That’s what I do now. I gather stones together. I walk around like a zombie or a screaming banshee or a sobbing lunatic – and I pick up rocks. Why? I don’t really know. I just feel a powerful, all-consuming compulsion to “gather stones together”.
Let me explain, this is my grief journey – I am mourning the loss of my Son, my only child.
If you should come across this blog and choose to read it, do so at your own risk. Let me just go on record in advance, if you are offended by some profanity and brutal honesty, this is not the blog you should read. In these pages, I am expressing honest, all-consuming pain, rage, resentment, grief, confusion, darkness and disdain. I don’t apologize and I don’t sugar coat. I need to release it.
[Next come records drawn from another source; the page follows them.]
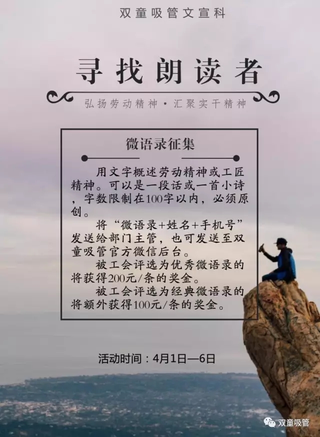 前段時(shí)間,義烏市總工會(huì)舉辦了“弘揚(yáng)勞動(dòng)精神·匯聚實(shí)干力量”尋找朗讀者活動(dòng),征集以勞動(dòng)精神、勞模精神或工匠精神為主題的微語(yǔ)錄。吸管妞一看到此次活動(dòng),就覺(jué)得這樣的活動(dòng)太適合“雙童”人啦,立馬就報(bào)名啦!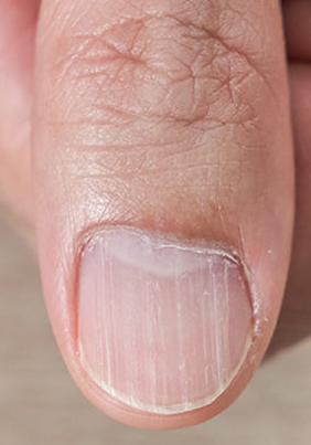 영양 부족일 경우 손톱에 얇고 연한 세로줄무니가 생길 수 있어요.
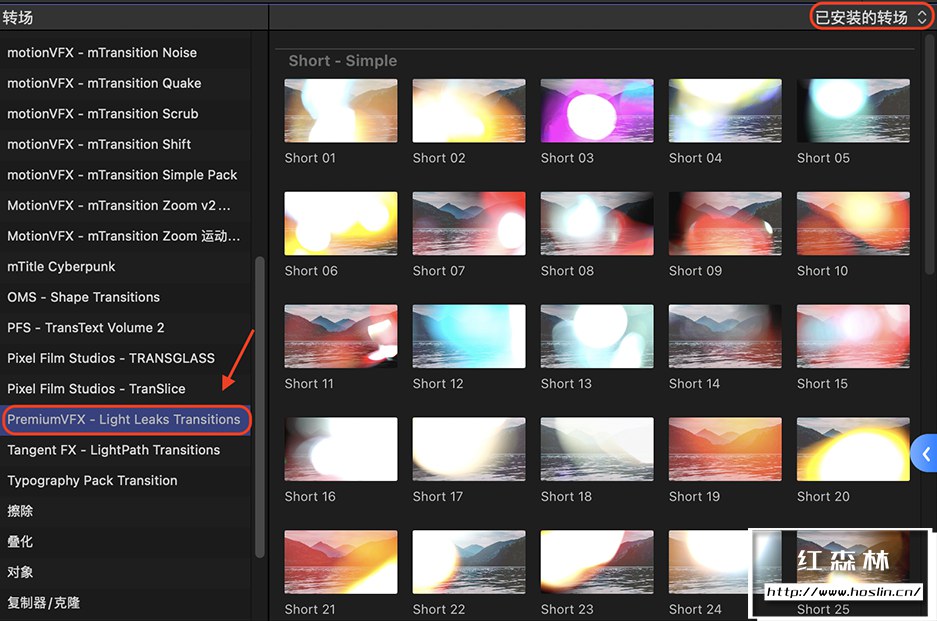 Light Leaks Transitions 是一个使用真实 4K 漏光素材的包,可以快速为您的视频增添优雅和创意外观。可自定义且易于使用,只需将其拖放到您的时间线即可使用。它们包括90种真实镜头漏光光效转场过渡动画:60个转场插件、30个在字幕中以调整层方式使用的光效转场。可设置光效透明度、翻转和颜色。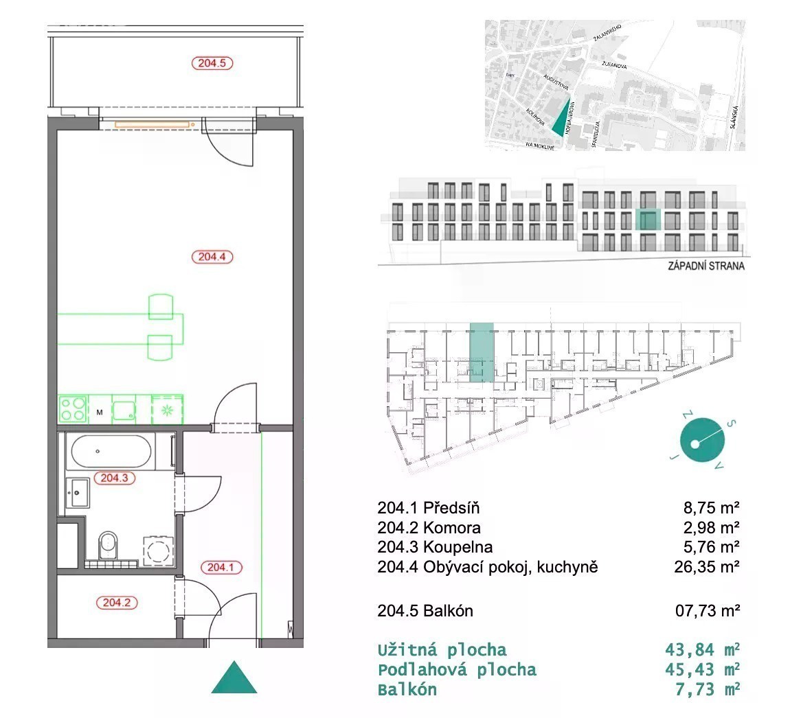 Exkluzivně nabízíme k prodeji moderně a prakticky vybavený byt v nedávno zkolaudovaném projektu "Byty Hofbauerova" v ulici Hofbauerova v Řepích. Byt s dispozicí 1KK s vnitřní užitnou plochou 44m2 a s terasou 8 m2 se nachází ve 2.nadzemním podlaží a je orientovaný na západ do klidného uzavřeného vnitřního bloku. K bytu náleží také parkovací stání v podzemní garáži, které je již započteno v ceně. Byt je velmi tichý, světlý a elegantní, vybaven kuchyňskou linkou s barovým sezením a šatními skříněmi na míru v prostorné vstupní hale. Byt je vybaven postelí. V bytě se dále nachází koupelna s vanou a pračkou a také komora o velikosti 3m2. Veškerý nábytek dle fotografie je již zahrnut v ceně. Bytový dům Hofbauerova je nízkopodlažní bytový dům se třemi nadzemními a jedním podzemním podlažím. V 1. podzemním podlaží se nachází garážová stání a sklepy. V domě je výtah. Projekt Bytový dům Hofbauerova v Řepích hrdě nese název ulice, na které se nachází. V přímém sousedství bytového domu je k dispozici např. prodejna potravin, restaurace, květinářství a další služby. Pro vzdělávání dětí a využití jejich volného času je na výběr Základní umělecká škola Blatiny, Základní škola Jana Wericha, Mateřská škola Pastelka, Školička a jesle Rozmarýnek - vše v docházkové vzdálenosti.
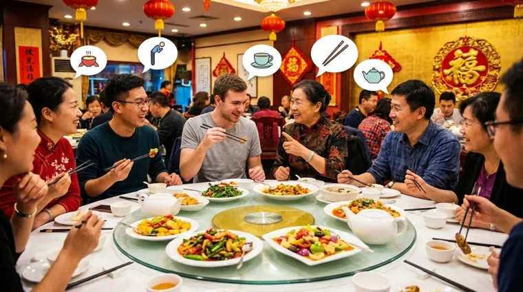Тосты и алкоголь. Тосты — важная часть банкета. Хозяин произносит первый, затем слово передаётся гостям по старшинству. Если вас попросили сказать тост, будьте краткими и позитивными. Уместные темы: успех сотрудничества, уважение к партнёрам, процветание компании. «干杯» (gānbēi) означает «выпить до дна», но если вы не пьёте алкоголь или не можете выпить много, используйте «随意» (suíyì) — «на ваше усмотрение» — и отпейте немного. Это не будет воспринято как оскорбление, особенно если вы заранее объясните причину (здоровье, религия, вождение).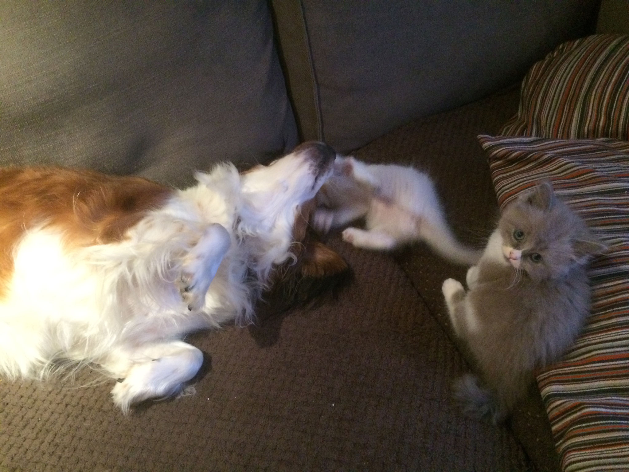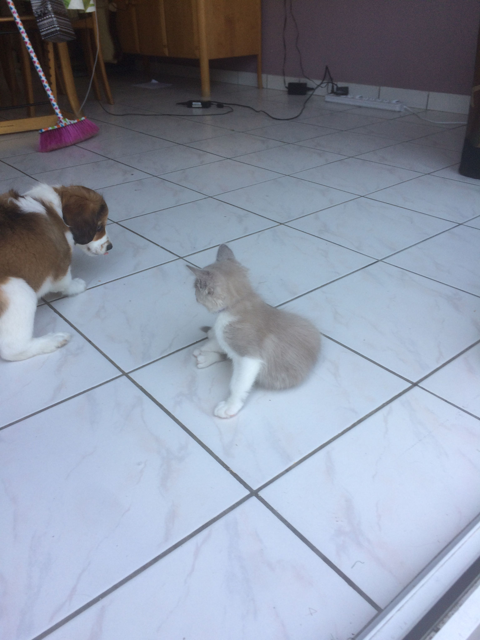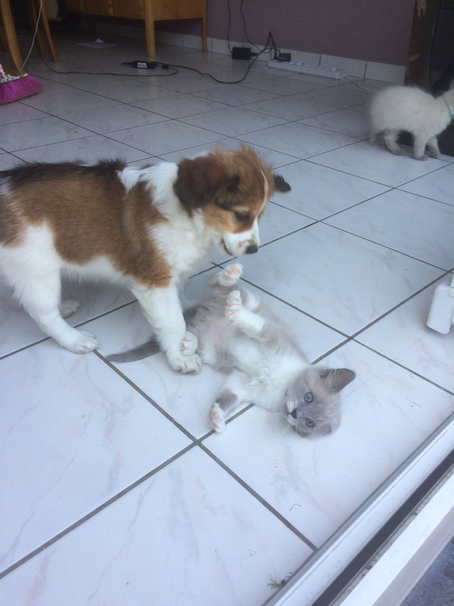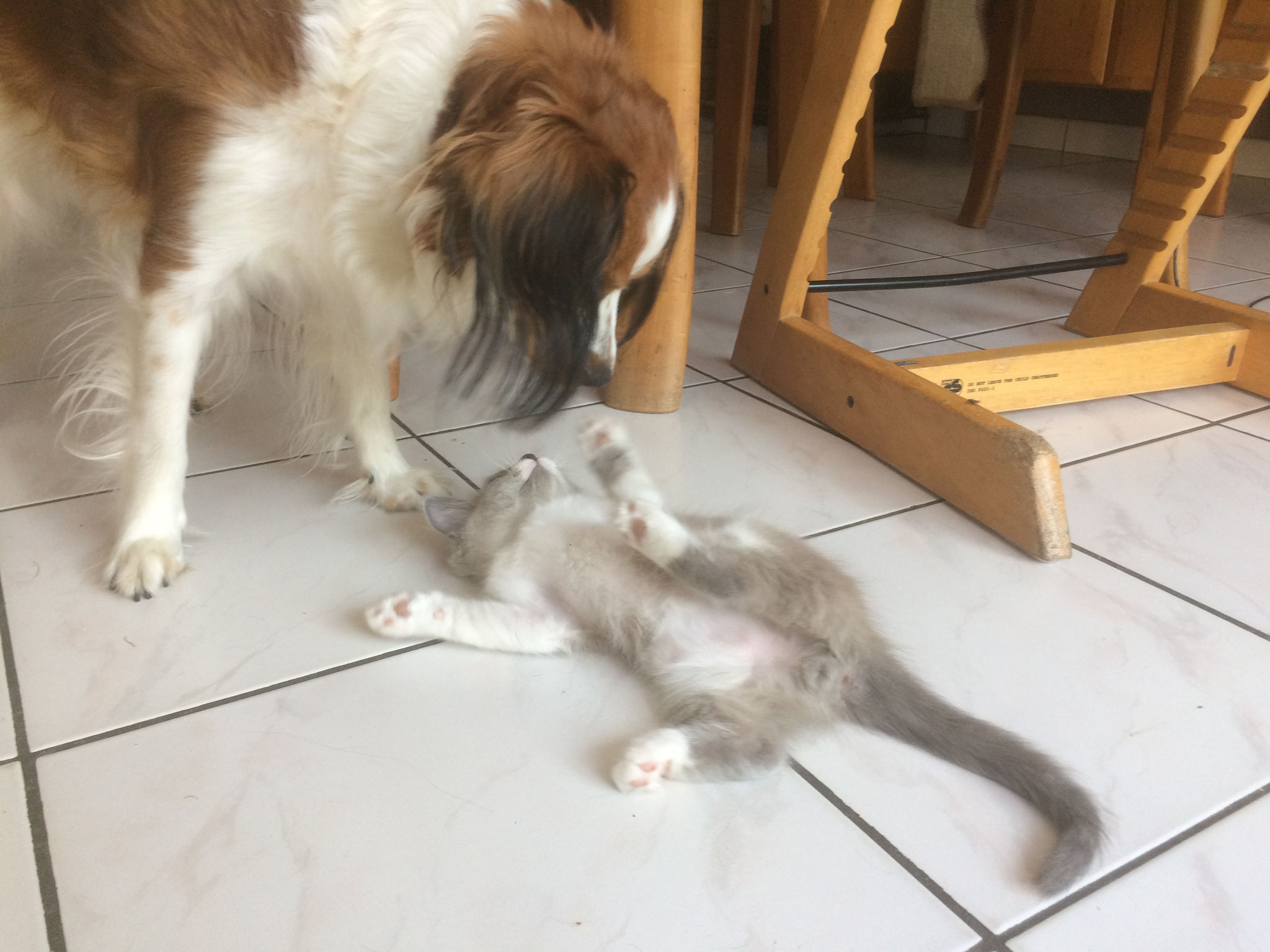 Milan, het kitten en Luiz de pup hebben een bijzondere vriendschap gesloten.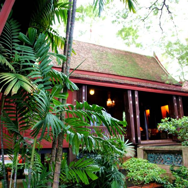吉姆 · 汤普森博物馆是一座绿荫覆盖的建筑群,美国丝绸家和艺术收藏家吉姆·汤普森的故居。整个建筑是座典型的泰式花园,汤普森在泰国中部地区收集了各种被遗弃的泰式房屋及架构,1959年把它们重新组装。 汤普森简介 他原来是一名美国建筑师,二战后,当他迁入曼谷时,邻居家的手工制作的丝绸引起了他的注意,并激起了他的商业意识。之后他逐渐向米兰、伦敦、巴黎的时装公司寄送了样品,逐步建立了稳固的全球客户群,同时也振兴了泰国的丝绸业。不过,他本人于1967年在马来西亚失踪。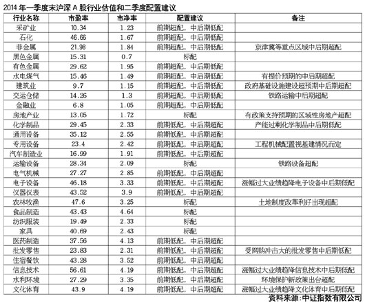 2014年二季度前期,建議適當(dāng)超配金融、有政策支持預(yù)期的區(qū)域性房地產(chǎn)和上游行業(yè),低配中游制造行業(yè)和下游消費(fèi)行業(yè);二季度中后期,建議低配金融房地產(chǎn)和上游行業(yè),超配中游制造行業(yè)和下游消費(fèi)行業(yè)。對(duì)個(gè)別行業(yè)也有例外建議。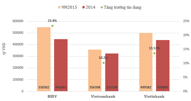 Dư nợ cho vay khách hàng của 3 ngân hàng tại thời điểm cuối năm 2014 và cuối quý 3/2015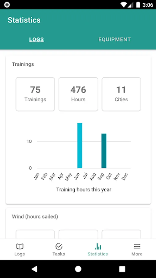 The statistics page helps you see your trainings in context. Did you sail more in strong or light winds? How are your sails doing, are they still in good condition? How happy are you with your upwind performance? The answers are all here!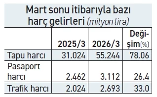 Öte yandan Maliye’nin gayrimenkul satışlarına yönelik sıkı denetimleri, tapu harcı gelirlerine de güçlü yansıdı.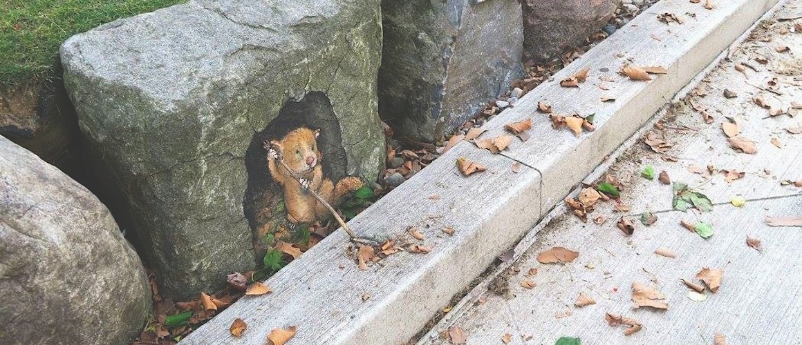Vor etwa einem Jahr haben wir hier auf WHUDAT erstmals, die herrlich unterhaltsamen Street Art-Kreationen von David Zinn präsentiert. Bereits seit 2001 zaubert der amerikanische Künstler und Illustrator seine temporären Artworks unter alleiniger Zuhilfenahme von Kreide- und Kohlestiften auf die Straßen seiner Heimatstadt Ann Arbor in Michigan. Auf Gehwegen, Mauern oder Treppenstufen platziert Zinn seine großen und kleinen Werke von… Weiterlesen

This is my journal, my pain, my journey, my grief. So this blog includes honest, unfiltered, uncensored pain, sorrow, grief, loss, confusion, bitter rage, and scathing sarcasm. Hey, at least I am not physically throwing the rocks at anyone – at least not yet anyway.
But I am sharing, because I do believe there are others on this painful grief journey – maybe for a different reason – but here we are. I have read many, many books – but somehow, none have expressed the RAW emotion – the PAIN. Maybe, by sharing some HONEST emotions – maybe we can help one another.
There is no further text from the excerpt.